YOUR TASK
Restate each line of the listing exactly, without carrying over any pictures.

**** STORED DATA

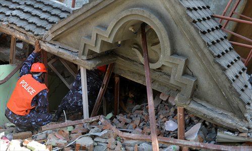 Rescuers and a sniffer dog search for survivors at a collapsed house in Kathmandu on Tuesday, after a 7.3-magnitude earthquake hit Nepal. Photo: AFP
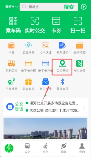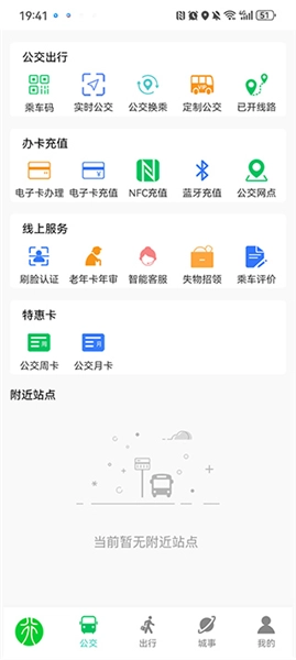 用户点击公交后,既能使用公交出行、办卡充值、线上服务、特惠卡等公交相关服务,也可以查询附近的公交站点。
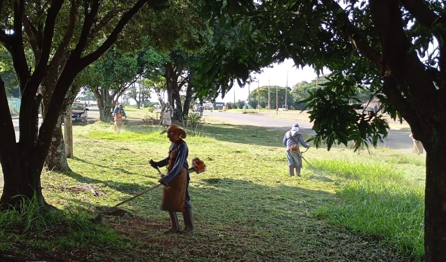 As secretarias de Infraestrutura e de Serviços Públicos, e a empresa terceirizada Sanetran, realizam os serviços de limpeza e roçagem em trechos dos canteiros da Estrada Rolândia-Pitangueiras.

********

ANSWER BOX
 Rescuers and a sniffer dog search for survivors at a collapsed house in Kathmandu on Tuesday, after a 7.3-magnitude earthquake hit Nepal. Photo: AFP
 用户点击公交后,既能使用公交出行、办卡充值、线上服务、特惠卡等公交相关服务,也可以查询附近的公交站点。
 As secretarias de Infraestrutura e de Serviços Públicos, e a empresa terceirizada Sanetran, realizam os serviços de limpeza e roçagem em trechos dos canteiros da Estrada Rolândia-Pitangueiras.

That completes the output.